2. Upon vesting, the reporting person received the number of shares of the issuer's common stock equal to the number of restricted stock units, in consideration of the reporting person's services to the issuer and without payment of cash consideration.
3. Reflects a 1-for-8 reverse stock split effective February 1, 2010.
4. Reflects the award of restricted stock units issued pursuant to the issuer's restricted stock plan that will vest in three equal annual installments beginning on February 17, 2013.
5. Upon vesting, the reporting person will receive the number of shares of the issuer's common stock equal to the number of restricted stock units, in consideration of the reporting person's services to the issuer and without payment of cash consideration.
6. The options were issued in consideration of the reporting person's services to the issuer and without payment of cash consideration, under the issuer's stock option plan.
7. As previously reported, on January 25, 2011, the reporting person was granted an option to purchase 10,000 shares of common stock pursuant to the issuer's stock option plan.

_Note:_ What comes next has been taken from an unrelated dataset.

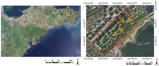Qingdao is a coastal city in eastern China, with longitude 119°30′–121° E and latitude 35°35′–37°09′ N (Figure 1). The average maximum temperature in the urban area during summer is between 23.0 and 32.0 °C, and the average minimum temperature during winter is between −7.0 and 1.0 °C [24]. A southeast wind prevails in summer, and a northwest wind prevails in winter. The average wind speed in urban areas along the southeast coast ranges from 3.4 to 5.4 m/s in summer [25]. The study area is situated in a representative urban zone, bordered by the sea to the southeast and characterized by a general slope gradient of 3–7%. The site is occupied by high-density residential buildings of varying heights (12–140 m), while the green infrastructure coverage within the area is about 40%. The research was conducted in a locally typical coastal sloped area, defined as a high-density built-up environment, serving as a representative case for the thermal conditions. The selection of the measurement points should fully consider the diversity of building types and vegetation coverage in the survey site. Finally, four typical locations of a forested area between multi-story buildings, a forested area between high-rise buildings, an unshaded area between multi-story buildings, and an unshaded area between high-rise buildings were determined to accurately analyze the specific impact of the difference between building and vegetation coverage on the microenvironment.

The options were to vest, if at all, to the extent of the issuer's performance in 2011 and the reporting person's contribution thereto as determined by the issuer's board of directors. Based on the satisfaction of certain performance criteria for 2011, the option to purchase 5,000 shares of common stock vested on August 31, 2011 and the option to purchase 2,500 shares of common stock vested on February 17, 2012. The options that do not vest by December 31, 2012 will be forfeited.
8. The options, granted pursuant to the issuer's stock option plan, vested as to 25% on February 17, 2012, the date of the execution of the stock option agreement reflecting the subject grant, and will vest as to an additional 25% on February 17 of 2013, 2014 and 2015.

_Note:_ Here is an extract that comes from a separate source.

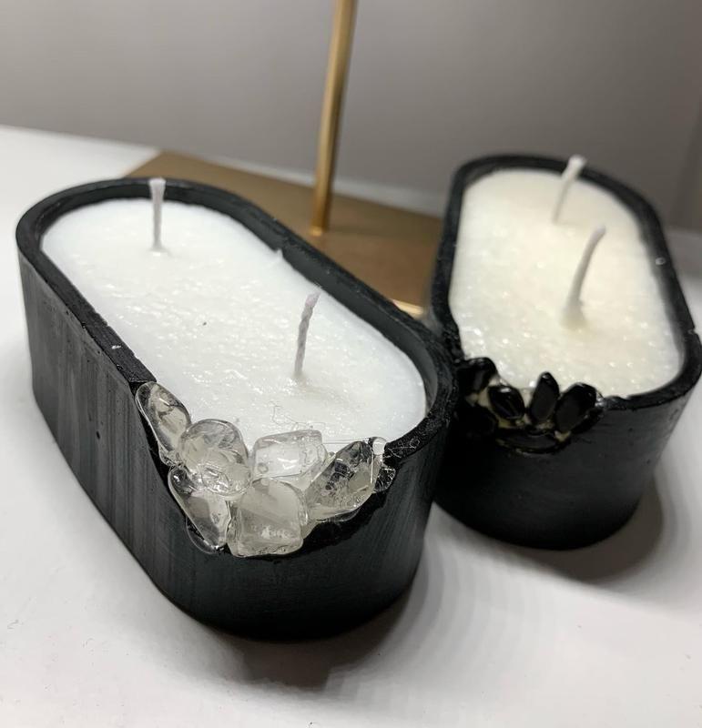 Не потрібно шукати щастя, потрібно бути його джерелом. Надіюсь ці свічки стануть вашим джерелом щастя. Вони виконані в овальній бетонній формі з двома бавовняними гнітами, а родзинкою виступає благородний чорний обсидіан і прозорий кришталь. ▫️9,5*5*3 см ▪️під замовлення можливі різні кольори ▫️ціна 150 грн Аромати: ваніль, сандал, плід страсті, Lancôme, цитрусова буря, Gucci by Gucci, Versace Товар виготовляється на замовлення

/s/ Barry J. Wolfenson 02/22/2012
** Signature of Reporting Person Date
Reminder: Report on a separate line for each class of securities beneficially owned directly or indirectly.
* If the form is filed by more than one reporting person, see Instruction 4 (b)(v).
** Intentional misstatements or omissions of facts constitute Federal Criminal Violations See 18 U.S.C. 1001 and 15 U.S.C. 78ff(a).
Note: File three copies of this Form, one of which must be manually signed. If space is insufficient, see Instruction 6 for procedure.
Persons who respond to the collection of information contained in this form are not required to respond unless the form displays a currently valid OMB Number.